DO NOT release Day 1 DLC. At this point, it's content that exists on the base game, it was already developed. Or, perhaps developers worked the first 24 hours non-stop to release a new DLC? Very unlikely.
Do not release retailer exclusive content. How is this fair for players? Besides, after all, those will be released digitally in a later date, which makes them "Timed Exclusive Content".
Using external agents to add more content to the game are not a bad ideas, they can enrich the game experience.

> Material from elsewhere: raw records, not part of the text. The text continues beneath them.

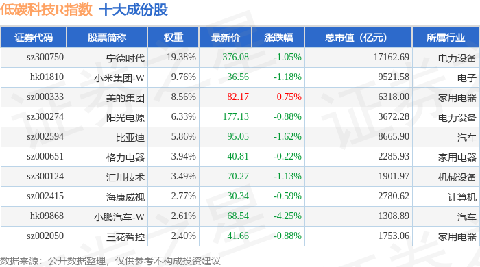 资金流向方面,低碳科技R(483160)指数成份股当日主力资金净流出合计42.67亿元,游资资金净流入合计3.56亿元,散户资金净流入合计39.11亿元。成份股资金流向详情见下表: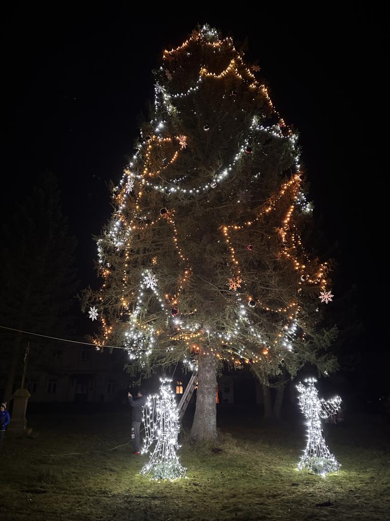Fotografie ze slavnostního rozsvěcováni vánočního stromu, které proběhlo 1.12.2024. Letošní novinkou jsou světelní andělé z dílny Slévárna Svobodovi. Pěvecký doprovod dětí ze 4. a 5. třídy ZŠ a MŠ v Rapšachu pod vedením paní Mgr. Jany Šikrové. Děkujeme!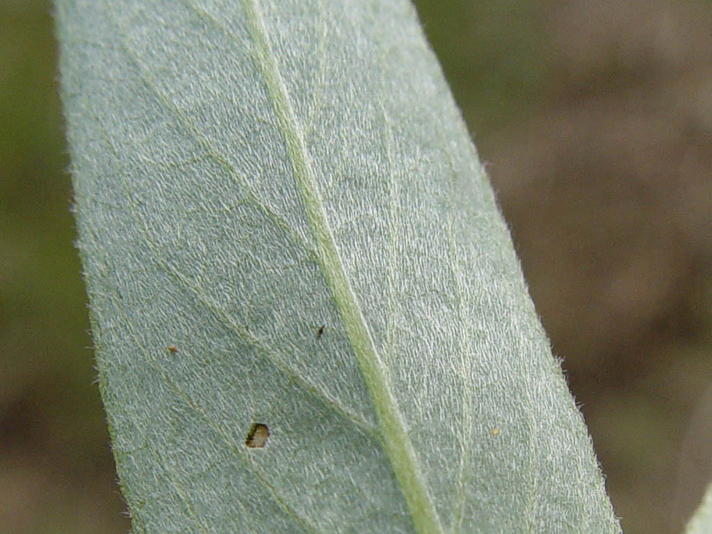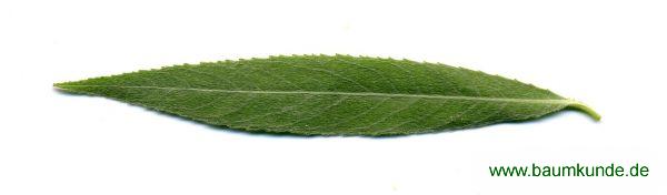 Листья очередные, линейно-ланцетные или ланцетные, 5-12 (15) см в длину и 1-3 см в ширину, заостренные, с мелкопильчатым краем, с прижатым шелковистым серебристым опушением с обеих сторон при распускании, позже светло-зеленые сверху и снизу серебристые, со средней и боковыми жилками (от 12 до 15 пар).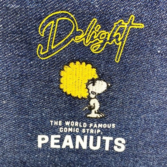 こちらがその、ランチトートバッグです。濃いめのデニム素材にファスナー部分のイエローがアクセントになっています。中央には、人気のアフロスタイルのスヌーピーの刺繍がデザインされています。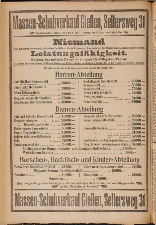 Elegante schwarze„ Ml 2850 28000.— Feine Damen-Halbschule W. 29000.— 1 Hochelegante Damenstiefel 11 50000.— Damen- Halbschuhe ee Damen-Tourenstiefel u ot.. M 71000.—%ͤõůR—sͤ Imitiert Wildleder-Halbschuhe. 20000—.„ Echt 5 M 2000. 5 52000— Lackschuhe„Lackspangenschuhe-, 55000.—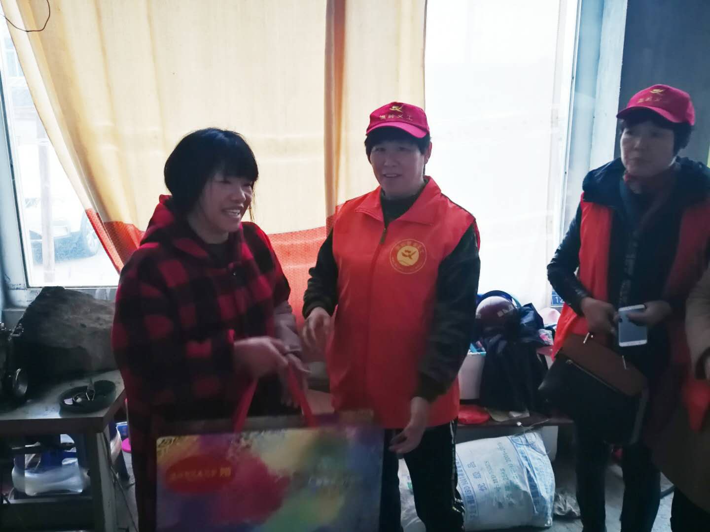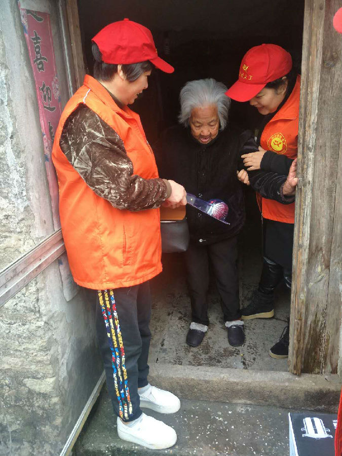 自实行执行联系群众1+10以来,新河镇村居妇联主席主动带领执委们主动上门关心关爱困难群众、孤寡老人。尤其是上个月走访以来,一些妇联执委打听到老人急需的一些物资缺乏,于是联合市、镇慈善协会,给低保家庭送去了微心愿礼物。12月1日城北村、北闸村、潮未至村三个村的妇联主席共走访了本村内6户低保家庭,送去了电饭煲、蒸锅、棉衣、床上用品等礼物。

Yet, I still believe that those external sources have to be available for every player, everyone has to have the same opportunity to unlock new stuff. For example, a companion app can be helpful for certain games, and it should not give extra or exclusive content to those who use it. If this this external source is deprecated, then the main game has to inform all players and address this issue with a patch that unlocks this new content for future gamers that play this game after deprecation. Fable II could just add a new patch to the game that could make the Chicken Suit available through the various NPC shops, that way they would have a measure against their web-based game that unlocked the chicken suit, making possible to players to get the
Do not implement time limited content. As mentioned with Hearthstone, people will feel that they were left out from time-limited events, as well as the rarity of mythical Pokémon. Seasonal events are something fun to play because of how a game can change through different seasons/holidays, specially since they keep returning every year, I find better to introduce those new items during that season. Making those items easier to get across the season, and increasing the difficulty of getting that content when the season is not available, players can feel rewarded because they did something harder. By not adding time limited content, you preserve the contents of the game over the years for new generations of gamers.
As far as games that are not available anymore. The only point that I can make here, is that while emulation is another ethical dilemma, let's not forget that emulation can help preserve game contents, while they can encourage piracy, there are still tons of old games that haven't seen the daylight in modern times.
New content is created to increase a game's lifespan, and it's very debatable that single player games are dead. That's why patches and expansion packs helped to increase the lifespan of games, but new content can also be "a love letter" for the fans of your games, they will spend their time in your creations, this will also encourage them to buy your new products, and you will be marked as a developer that respects and cares about their fanbase.
As a game developer I would like to see games that can be preserved over the years. By not locking content with gimmicks, preservation can be achieved. Just remember how the vast majority of old games still let us enjoy the whole package, there's even some digital re-releases that don't patch the original glitches, to preserve the original glory adding also some enhancements. I encourage people to be passionate about making games, think about how some business models might be unethical. Not only as fans, but as clients, there has to be respect for the gamers. I strongly believe that content must be accessible to all gamers, of course they have to earn it, by increasing their skill in the game, completing the the various objectives that game designers make for them. As developers we also have to make our difference, because we are consumers as well. Treat others the way you want to be treated, one of my very first lessons in life.